There appears to be a gender behavioral distinction too here, as well as the emergence of marginal characters and sudden back-stories. As Stella often plays the woman card or claims to know what a man would do in this scenario or how a woman would act in that scenario. Gillian Anderson is playing the clearly wounded woman much more sedate as her voice is low and soft, often a little hoarse, practically whispering at times. It is still a stellar performance from Anderson. Stella is picked and poked at by colleagues and the like for her apparent negative influence on the whole affair, which means her character appears and acts worn down and often nonchalant – an effective persona for a deep-thinking, smart detective, but we know there is more to her than that.

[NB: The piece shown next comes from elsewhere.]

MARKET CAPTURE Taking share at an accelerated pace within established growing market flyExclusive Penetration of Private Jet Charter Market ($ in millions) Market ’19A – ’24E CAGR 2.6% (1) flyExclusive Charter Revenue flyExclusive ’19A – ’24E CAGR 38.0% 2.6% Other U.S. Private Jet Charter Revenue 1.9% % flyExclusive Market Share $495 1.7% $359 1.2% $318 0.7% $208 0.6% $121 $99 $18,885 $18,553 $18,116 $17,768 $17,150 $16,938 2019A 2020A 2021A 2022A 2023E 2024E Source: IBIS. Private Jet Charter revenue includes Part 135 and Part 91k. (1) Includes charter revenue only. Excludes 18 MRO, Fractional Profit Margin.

There are many nooks and crannies either pasted over or left too open. As a huge fan of the first two seasons, I don’t want to be negative critically. Many of these what’s and why’s are merely observations on the third season’s ever-so-slight experimenting with dramatic dynamics when it could have just left well alone. It is glaringly obvious that the night nurse by Spector’s bedside is a brunette, very much his type of victim – a spitting image of Rose too. But this is not addressed further than the audience perhaps noticing that. And the psychiatrist-type flown in to evaluate Spector is a so-called expert, and the Scandinavian accent just feels synonymous with clinical healers stereotypes. There’s more. New evidence in the forms of journals suggesting there could be nine other murders by Spector seems like a back-track. A confession from Rose later also feels like a history rewrite. Much of the back-story heads the drama a little in the rear direction rather than moving things forward.

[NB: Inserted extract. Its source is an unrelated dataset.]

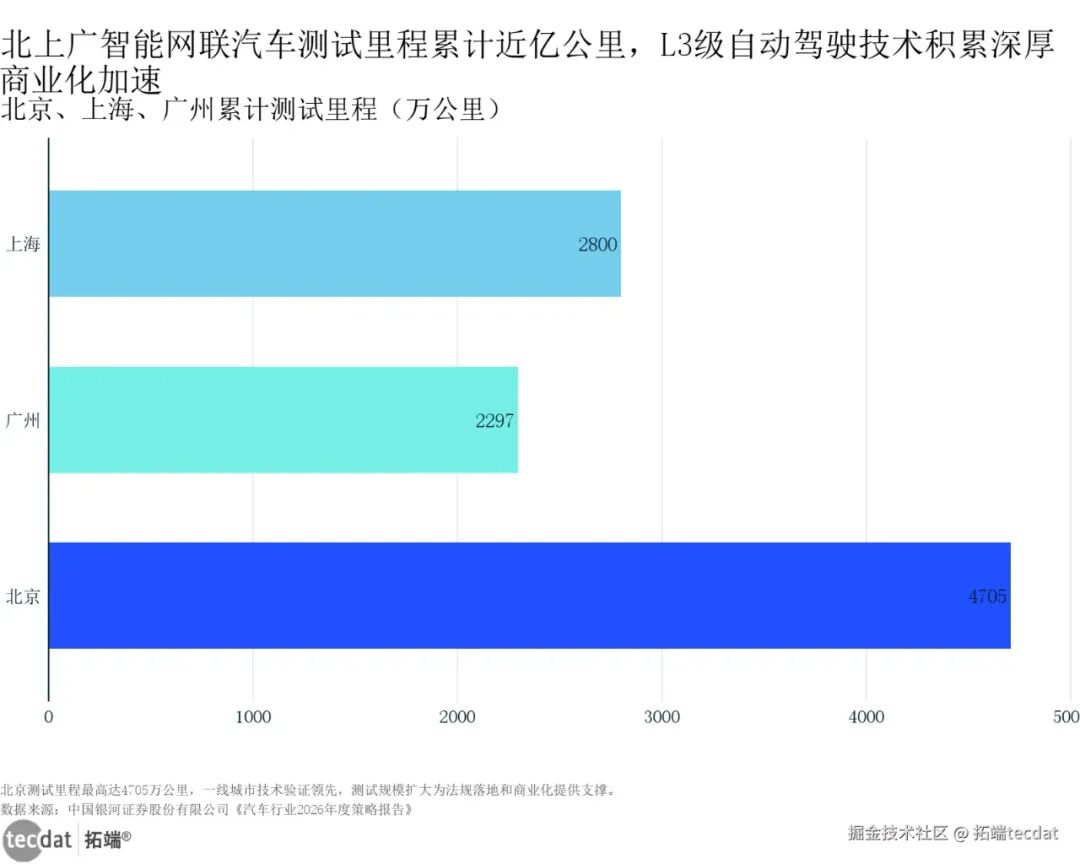 北上广智能网联汽车累计测试里程水平条形图表9北上广智能网联汽车累计测试里程水平条形图表9数据及PDF模板已分享到会员群北京智能网联汽车累计测试了4705万公里,上海2800万公里,广州2297万公里(中国银河证券数据)。这些测试不是白做的——智能网联的AI算法、传感器技术,能直接用到人形机器人上,比如机器人“看路、避障”,跟汽车“自动驾驶”原理差不多,技术协同能省研发钱。

(Photo: Helen Sloan/Netflix)

There is also hefty attention given to the discovery of another killer, Alvarez, who attended the same school as Spector and seems to follow the same patterns. When Anderson receives a call from the assistant chief constable Burns (who is well on his way to losing his own shit), it is made apparent that the institute that held Spector and Alvarez when they were boys subjected them to acts of masturbation and other such sex crime horrors. As information for the viewer, and the characters of the story, it feels just a little too much. The Fall has gradually lost much of its subtlety and composure, but you can’t forget that this is still a solid drama in its own right.

And what of Katie, the teenage girl with whom Spector had sexual relations? When Katie finds out about Spector’s shooting she flips out, a much more understandable reaction of concern (than, say, Stella’s). Her involvement is far more subtle, a teenager with a poetic, crushingly unhealthy love for Spector having pushed aside her friends and family for the idea of this man. Her final appearance as Stella gives her a life lesson in self-harm and wounds of the heart and is sweet enough but gives no closure whatsoever to Katie. She may be a big fool for love, but she deserves much more credit and respect than that.

While some of the dialogue is following a crime genre formula, there are some truly captivating moments on show here. For instance, Stella’s reassuring monologue to Tom, Rose’s husband, is a great moment both for acting and writing. And there are several of these. This is certainly not a dull affair. Generally good performances right across the board, but Gillian Anderson and Jamie Dornan are handed a huge majority of the expectation to deliver high tension and maintain the grounded and compelling nature of the drama built in the first two seasons. And they do so. The problems are not with the performances or much of the execution, but rather the method in which the third season tries to change the colors of the pallet a little to keep the momentum.

The Fall‘s final episode sees the shaken can open and the fizz of violence and broken emotion spray all around. Not enough that perhaps the slow-paced first five episodes worked up to this, but he had to come or else the whole season would come away looking flat and uninspired. Such a shame that following some unexpected violence, the show concludes with a whimper rather than a bang. Stella didn’t want Spector dead because that would be too easy. He was meant to suffer for what he had done while he was alive. It is slightly unfortunate that neither Stella nor us, the viewing audience, got the justice we deserved.